January 15th
Today I learned another interpretation of the fact that the class number measures the failure of unique prime factorization of elements, from this post . The typical statement is that $h_K=1$ is equivalent to unique prime factorization of elements, coming directly from unique prime factorization of ideals, but with $h_K \gt 1,$ we hope that prime factorization breaks more. Anyways, I think the better mentality to have is that $h_K$ measures how much ideals fail to be principal, for which the class number formula asserting\[\iota_C(t)\sim\iota_{C'}(t)\]for any two ideal classes $C$ and $C'$ does the trick. Namely, ideals are evenly distributed over our ideal classes, so $\frac1{h_K}$ of our ideals are principal, and larger $h_K$ is equivalent to more ideals failing to be principal.
However, failure of unique prime factorization is really about the failure of prime ideals to be principal, which is somewhat more sophisticated. We have from the above that ideals themselves distribute evenly among the ideal classes, but this (directly) has little to do with the primes' distribution. However, with the help with some class field theory, this can be done.
For concreteness, fix $K/\QQ$ a number field with Hilbert class field $H.$ For primes $\mf p\subseteq\mathcal O_K,$ we have the equivalence\[\mf p\text{ principal}\iff\mf p\text{ splits completely in }H\]from the Principal ideal theorem. However, we know that $\frac1{[H:K]}=\frac1{\#\op{Gal}(H/K)}$ of the primes in $\mathcal O_K$ split completely in $H,$ a fact that can be seen in an elementary way (as we did a few months ago) or directly from Chebotarev: $\mf p$ splits completely if and only if\[\left(\frac{H/K}{\mf p}\right)=\op{id}_{\op{Gal}(H/K)}\]from theory around the Frobenius. This will occur with density $\frac1{\#\op{Gal}(H/K)}$ by Chebotarev.
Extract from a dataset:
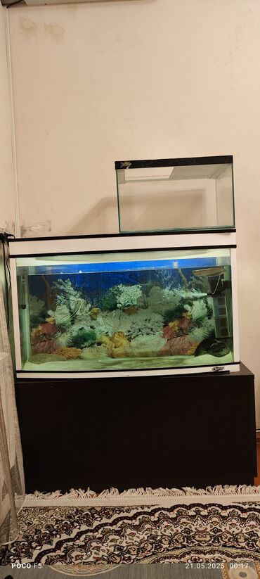 Satılır: Tam komplektli akvarium • Su filtri • Su qızdırıcısı • Termometr • Şüşə təmizləyici • Dekor • Kompressor • 4 rejimli LED işıqlandırma • Akvarium təmizləmə üçün tozsoran • Tor (saç...
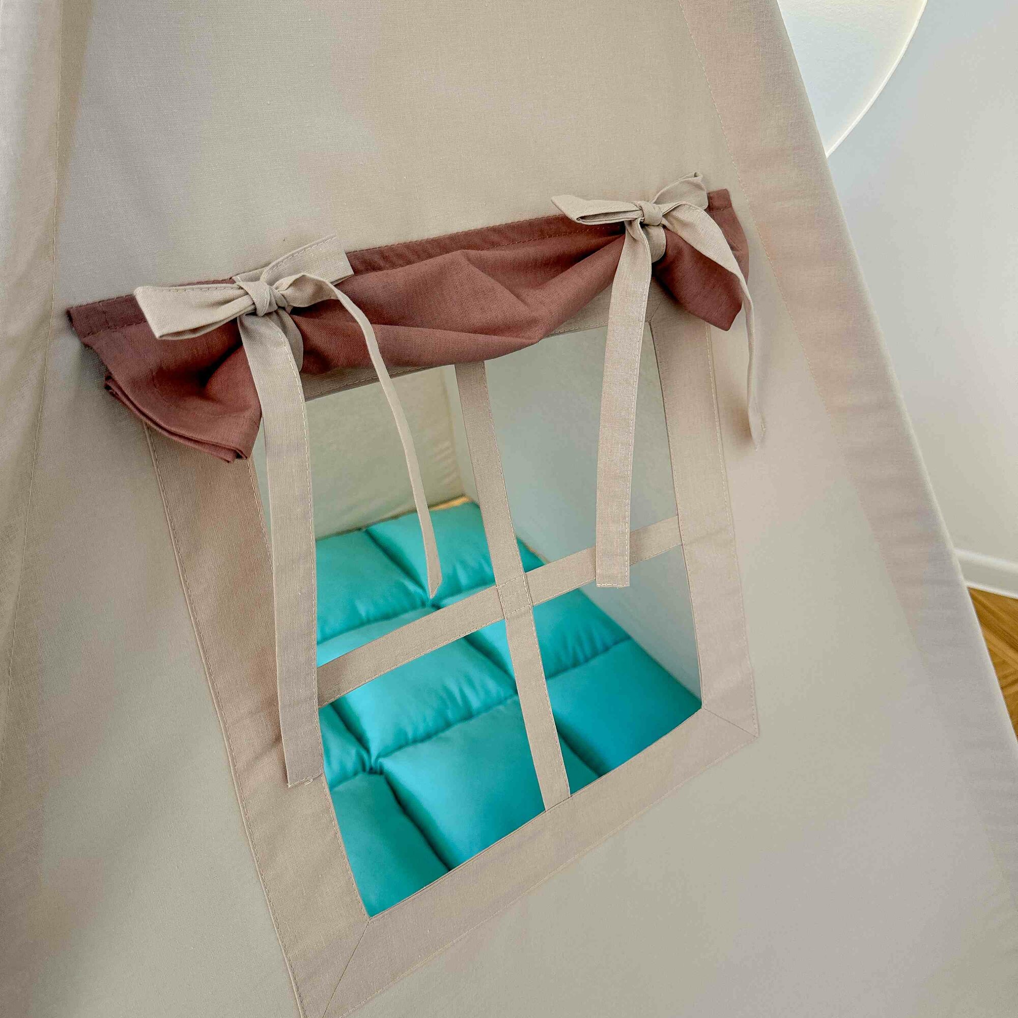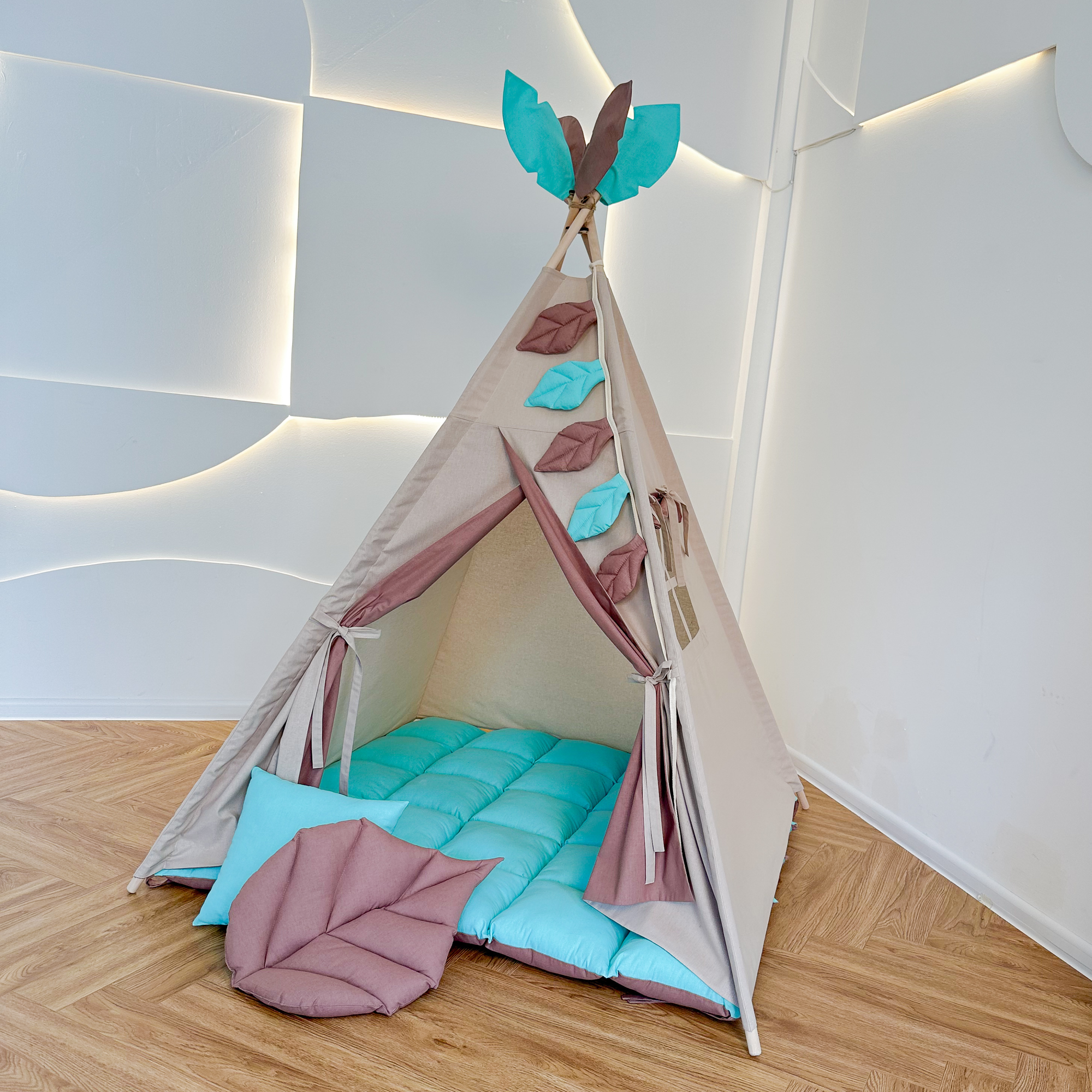Вигвам детский с пышным ковриком "Бежевый". Палатка игровая

So it follows that $\frac1{\#\op{Gal}(H/K)}$ of primes in $\mathcal O_K$ are principal. To finish off, we remark that\[\#\op{Gal}(H/K)=h_K\]because the Galois group is in fact the class group. (As usual, I am citing a lot of class field theory without proof.) From this it follows that $\frac1{h_K}$ of all primes in $\mathcal O_K$ are principal, which is cute.
As an aside, it doesn't feel immediately clear that the distribution of prime ideals across ideal classes should be substantially more difficult than the distribution of primes across ideal classes. However, we can compare the difficulty of showing that integers are evenly distributed across modular classes—which is trivial—with showing the primes are evenly distributed across modular classes—which is notoriously hard. What follows isn't new, but it's exposition.
In both cases, the techniques used to show one statement are not easily applicable to the other, and amusingly, in both cases, enough machinery is still enough to make the statement on primes appear clear. I hope the above statement is clear, assuming enough class field theory—it's really "just a computation.'' As for Dirichlet's theorem, we can remark that it's a trivial application of Chebotarev to $\QQ(\zeta_n),$ for\[p\equiv a\pmod n\iff\left(\frac{\QQ(\zeta_n)/\QQ}p\right)=\left(\sigma:\zeta_n\mapsto\zeta_n^a\right)\in\op{Gal}(\QQ(\zeta_n)/\QQ),\]the latter of which occurs with density $\frac1n$ from Chebotarev. This is, similarly, "just a computation'' with enough machinery. Namely, we didn't even have to talk about $L$ functions, though they are hiding in the Chebotarev.